» Problem description: From the first line to the last, print the data exactly as written.

□ □ □ □

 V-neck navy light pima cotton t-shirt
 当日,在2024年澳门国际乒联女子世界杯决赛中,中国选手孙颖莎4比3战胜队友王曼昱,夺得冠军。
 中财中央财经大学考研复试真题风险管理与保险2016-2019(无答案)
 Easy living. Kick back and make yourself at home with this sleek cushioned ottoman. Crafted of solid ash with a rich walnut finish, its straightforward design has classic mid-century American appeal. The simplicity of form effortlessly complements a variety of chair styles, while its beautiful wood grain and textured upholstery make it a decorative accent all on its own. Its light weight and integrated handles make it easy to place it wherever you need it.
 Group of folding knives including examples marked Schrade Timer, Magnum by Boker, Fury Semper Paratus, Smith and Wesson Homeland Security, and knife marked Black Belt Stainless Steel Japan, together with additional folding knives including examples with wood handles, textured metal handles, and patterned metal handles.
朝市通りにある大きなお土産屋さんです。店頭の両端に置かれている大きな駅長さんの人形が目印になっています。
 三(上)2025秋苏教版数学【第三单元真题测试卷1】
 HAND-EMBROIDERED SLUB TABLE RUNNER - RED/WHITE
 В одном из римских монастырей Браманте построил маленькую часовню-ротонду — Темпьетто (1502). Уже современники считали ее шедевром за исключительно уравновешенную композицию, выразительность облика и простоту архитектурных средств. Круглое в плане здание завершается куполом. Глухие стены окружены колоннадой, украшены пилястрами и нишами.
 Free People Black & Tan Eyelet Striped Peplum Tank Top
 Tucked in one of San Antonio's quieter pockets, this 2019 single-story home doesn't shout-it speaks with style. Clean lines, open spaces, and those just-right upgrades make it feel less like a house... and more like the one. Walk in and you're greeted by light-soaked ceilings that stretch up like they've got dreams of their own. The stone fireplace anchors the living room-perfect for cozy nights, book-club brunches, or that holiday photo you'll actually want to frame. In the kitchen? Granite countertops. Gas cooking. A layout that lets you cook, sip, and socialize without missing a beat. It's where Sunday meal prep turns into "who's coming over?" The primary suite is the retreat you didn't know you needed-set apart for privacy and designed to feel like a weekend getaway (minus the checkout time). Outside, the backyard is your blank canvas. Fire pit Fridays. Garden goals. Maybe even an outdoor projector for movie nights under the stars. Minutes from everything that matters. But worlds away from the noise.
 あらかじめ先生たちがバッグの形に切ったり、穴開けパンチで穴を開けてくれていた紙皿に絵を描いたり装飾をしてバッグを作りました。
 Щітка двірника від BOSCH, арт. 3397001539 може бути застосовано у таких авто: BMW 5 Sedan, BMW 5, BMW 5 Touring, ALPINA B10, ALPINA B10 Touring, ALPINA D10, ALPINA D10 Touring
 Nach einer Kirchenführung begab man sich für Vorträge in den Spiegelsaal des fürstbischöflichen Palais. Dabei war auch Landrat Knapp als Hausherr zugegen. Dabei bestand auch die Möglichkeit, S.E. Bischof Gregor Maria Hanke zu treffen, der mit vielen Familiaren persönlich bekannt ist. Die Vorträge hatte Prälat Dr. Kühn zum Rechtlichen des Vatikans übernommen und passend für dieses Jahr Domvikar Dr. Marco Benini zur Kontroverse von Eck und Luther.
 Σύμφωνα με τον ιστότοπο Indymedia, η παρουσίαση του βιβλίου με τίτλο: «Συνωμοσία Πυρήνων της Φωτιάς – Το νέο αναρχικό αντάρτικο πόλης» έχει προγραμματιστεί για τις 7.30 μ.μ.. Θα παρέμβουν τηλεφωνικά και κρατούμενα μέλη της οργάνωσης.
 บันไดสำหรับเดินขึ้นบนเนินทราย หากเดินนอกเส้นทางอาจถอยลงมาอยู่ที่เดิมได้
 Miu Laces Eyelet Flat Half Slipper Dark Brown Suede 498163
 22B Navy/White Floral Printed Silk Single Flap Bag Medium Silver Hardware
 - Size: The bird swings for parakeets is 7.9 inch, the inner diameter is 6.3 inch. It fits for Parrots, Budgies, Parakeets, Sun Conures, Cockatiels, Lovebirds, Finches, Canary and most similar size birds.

□ □ □ □

» Response:
 V-neck navy light pima cotton t-shirt
 当日,在2024年澳门国际乒联女子世界杯决赛中,中国选手孙颖莎4比3战胜队友王曼昱,夺得冠军。
 中财中央财经大学考研复试真题风险管理与保险2016-2019(无答案)
 Easy living. Kick back and make yourself at home with this sleek cushioned ottoman. Crafted of solid ash with a rich walnut finish, its straightforward design has classic mid-century American appeal. The simplicity of form effortlessly complements a variety of chair styles, while its beautiful wood grain and textured upholstery make it a decorative accent all on its own. Its light weight and integrated handles make it easy to place it wherever you need it.
 Group of folding knives including examples marked Schrade Timer, Magnum by Boker, Fury Semper Paratus, Smith and Wesson Homeland Security, and knife marked Black Belt Stainless Steel Japan, together with additional folding knives including examples with wood handles, textured metal handles, and patterned metal handles.
朝市通りにある大きなお土産屋さんです。店頭の両端に置かれている大きな駅長さんの人形が目印になっています。
 三(上)2025秋苏教版数学【第三单元真题测试卷1】
 HAND-EMBROIDERED SLUB TABLE RUNNER - RED/WHITE
 В одном из римских монастырей Браманте построил маленькую часовню-ротонду — Темпьетто (1502). Уже современники считали ее шедевром за исключительно уравновешенную композицию, выразительность облика и простоту архитектурных средств. Круглое в плане здание завершается куполом. Глухие стены окружены колоннадой, украшены пилястрами и нишами.
 Free People Black & Tan Eyelet Striped Peplum Tank Top
 Tucked in one of San Antonio's quieter pockets, this 2019 single-story home doesn't shout-it speaks with style. Clean lines, open spaces, and those just-right upgrades make it feel less like a house... and more like the one. Walk in and you're greeted by light-soaked ceilings that stretch up like they've got dreams of their own. The stone fireplace anchors the living room-perfect for cozy nights, book-club brunches, or that holiday photo you'll actually want to frame. In the kitchen? Granite countertops. Gas cooking. A layout that lets you cook, sip, and socialize without missing a beat. It's where Sunday meal prep turns into "who's coming over?" The primary suite is the retreat you didn't know you needed-set apart for privacy and designed to feel like a weekend getaway (minus the checkout time). Outside, the backyard is your blank canvas. Fire pit Fridays. Garden goals. Maybe even an outdoor projector for movie nights under the stars. Minutes from everything that matters. But worlds away from the noise.
 あらかじめ先生たちがバッグの形に切ったり、穴開けパンチで穴を開けてくれていた紙皿に絵を描いたり装飾をしてバッグを作りました。
 Щітка двірника від BOSCH, арт. 3397001539 може бути застосовано у таких авто: BMW 5 Sedan, BMW 5, BMW 5 Touring, ALPINA B10, ALPINA B10 Touring, ALPINA D10, ALPINA D10 Touring
 Nach einer Kirchenführung begab man sich für Vorträge in den Spiegelsaal des fürstbischöflichen Palais. Dabei war auch Landrat Knapp als Hausherr zugegen. Dabei bestand auch die Möglichkeit, S.E. Bischof Gregor Maria Hanke zu treffen, der mit vielen Familiaren persönlich bekannt ist. Die Vorträge hatte Prälat Dr. Kühn zum Rechtlichen des Vatikans übernommen und passend für dieses Jahr Domvikar Dr. Marco Benini zur Kontroverse von Eck und Luther.
 Σύμφωνα με τον ιστότοπο Indymedia, η παρουσίαση του βιβλίου με τίτλο: «Συνωμοσία Πυρήνων της Φωτιάς – Το νέο αναρχικό αντάρτικο πόλης» έχει προγραμματιστεί για τις 7.30 μ.μ.. Θα παρέμβουν τηλεφωνικά και κρατούμενα μέλη της οργάνωσης.
 บันไดสำหรับเดินขึ้นบนเนินทราย หากเดินนอกเส้นทางอาจถอยลงมาอยู่ที่เดิมได้
 Miu Laces Eyelet Flat Half Slipper Dark Brown Suede 498163
 22B Navy/White Floral Printed Silk Single Flap Bag Medium Silver Hardware
 - Size: The bird swings for parakeets is 7.9 inch, the inner diameter is 6.3 inch. It fits for Parrots, Budgies, Parakeets, Sun Conures, Cockatiels, Lovebirds, Finches, Canary and most similar size birds.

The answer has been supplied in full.